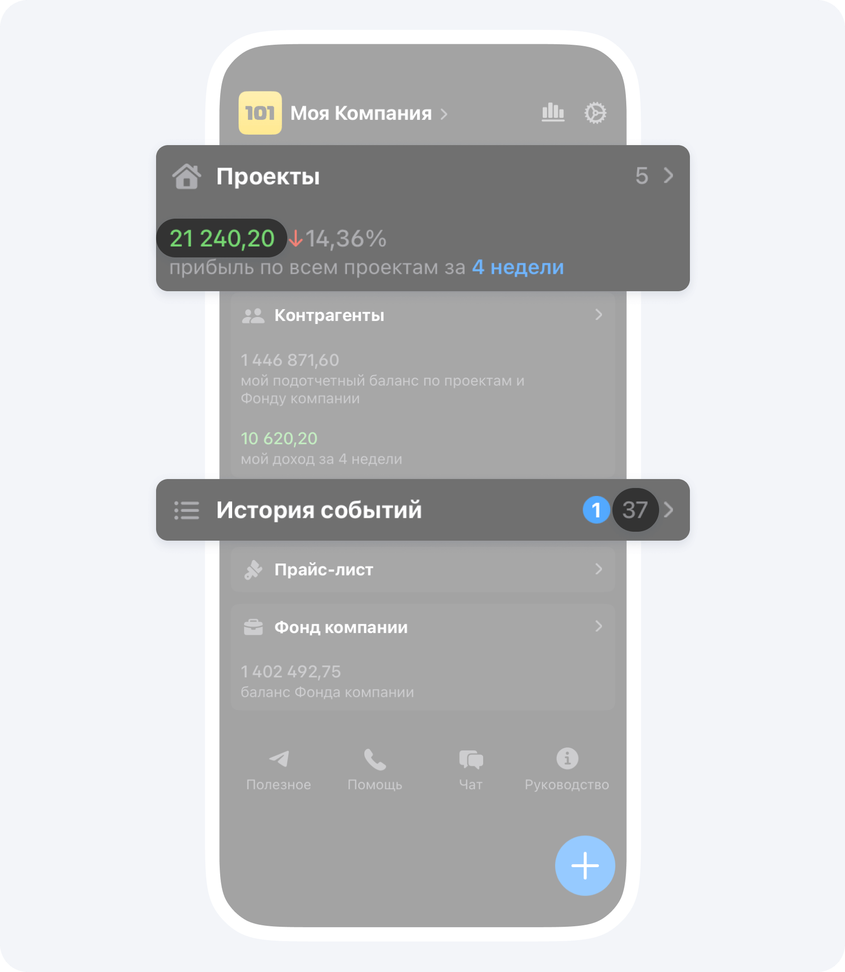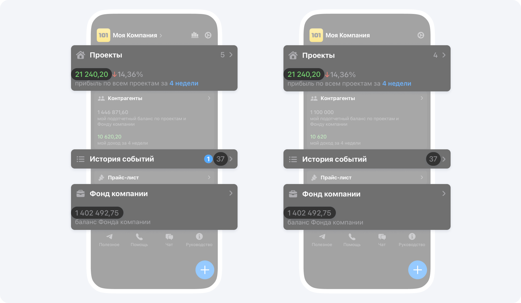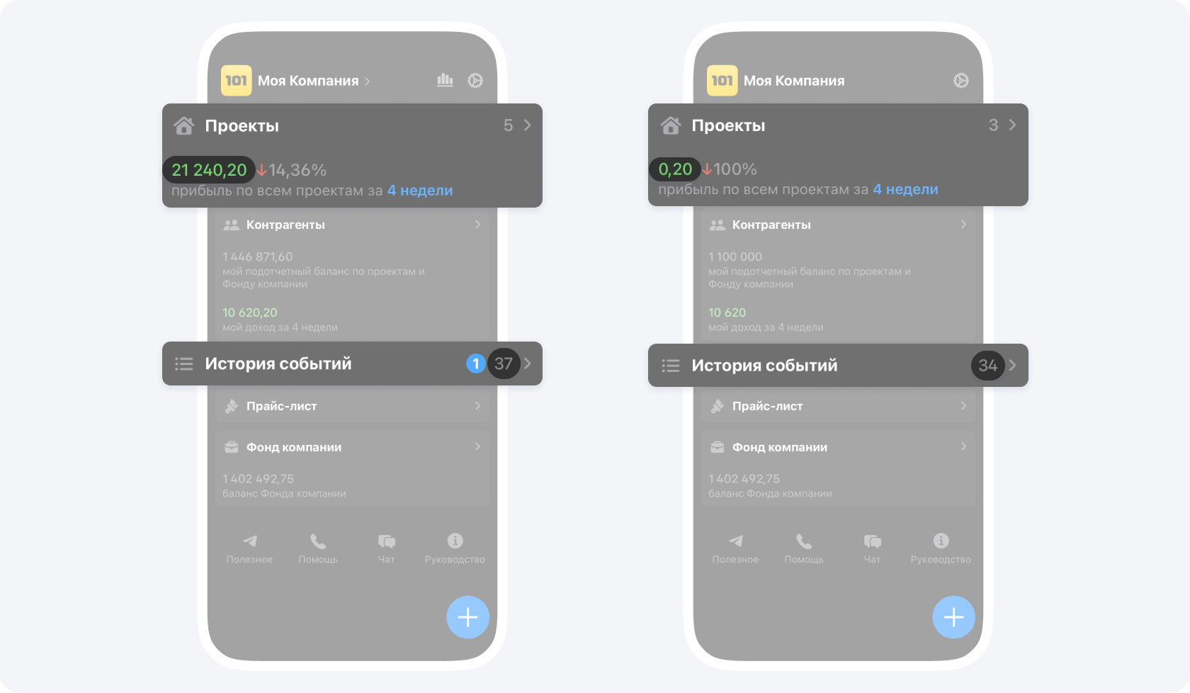 Если партнёр добавлен во все проекты и раздел Фонд Компании, количество событий в разделе История событий и балансы в разделах Проекты у партнера и основателя компании будут одинаковыоснователя компании будут одинаковы.
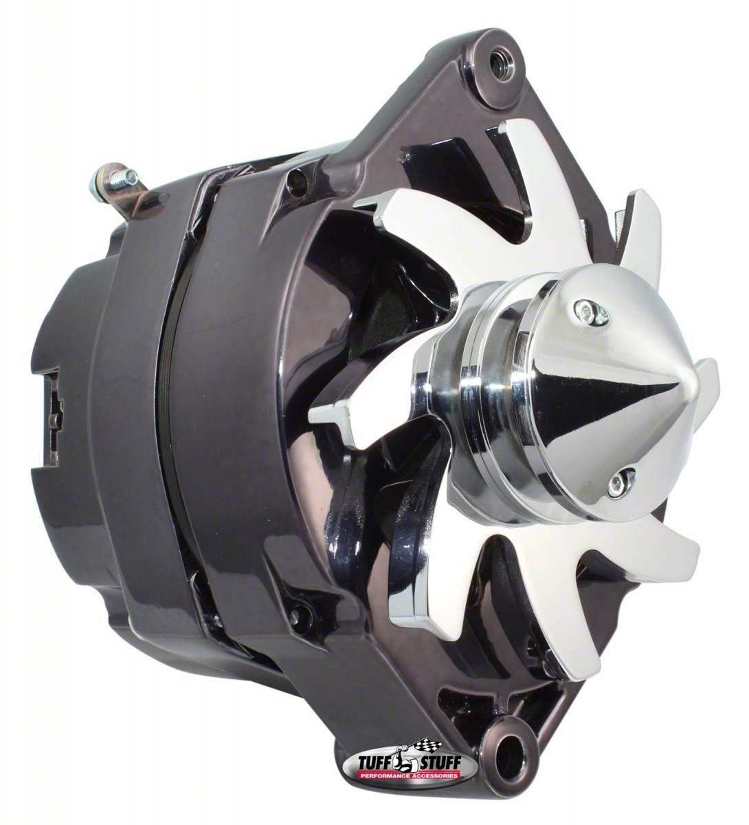 All Tuff Stuff alternators are hand built in Cleveland, Ohio and are tested to meet or exceed OEM specifications. All Tuff Stuff alternators are made from 100% new components and carry a one year limited warranty. Tuff Stuff has alternator applications for virtually all muscle cars, hot rods, customs and light trucks in just about every finish imaginable. Available in chrome plated, polished aluminum, powder coated and plain as cast finishes. All alternators are for 12 volt, negative ground systems, except where noted.
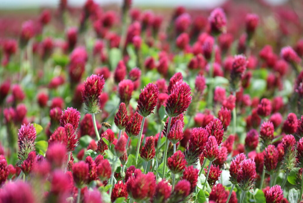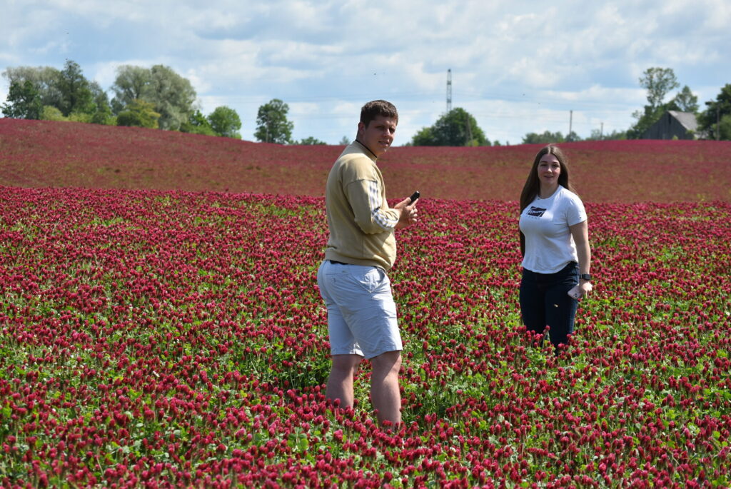 Kurzemes pusē šobrīd pilnos ziedos un tumši sarkanā tonī zied inkarnāta āboliņš, ziņo portāls liepajniekiem.lv.

********

What you have to do: None of the pictures should be carried over when the data above is transcribed exactly.

Exercise result:
 Если партнёр добавлен во все проекты и раздел Фонд Компании, количество событий в разделе История событий и балансы в разделах Проекты у партнера и основателя компании будут одинаковыоснователя компании будут одинаковы.
 All Tuff Stuff alternators are hand built in Cleveland, Ohio and are tested to meet or exceed OEM specifications. All Tuff Stuff alternators are made from 100% new components and carry a one year limited warranty. Tuff Stuff has alternator applications for virtually all muscle cars, hot rods, customs and light trucks in just about every finish imaginable. Available in chrome plated, polished aluminum, powder coated and plain as cast finishes. All alternators are for 12 volt, negative ground systems, except where noted.
 Kurzemes pusē šobrīd pilnos ziedos un tumši sarkanā tonī zied inkarnāta āboliņš, ziņo portāls liepajniekiem.lv.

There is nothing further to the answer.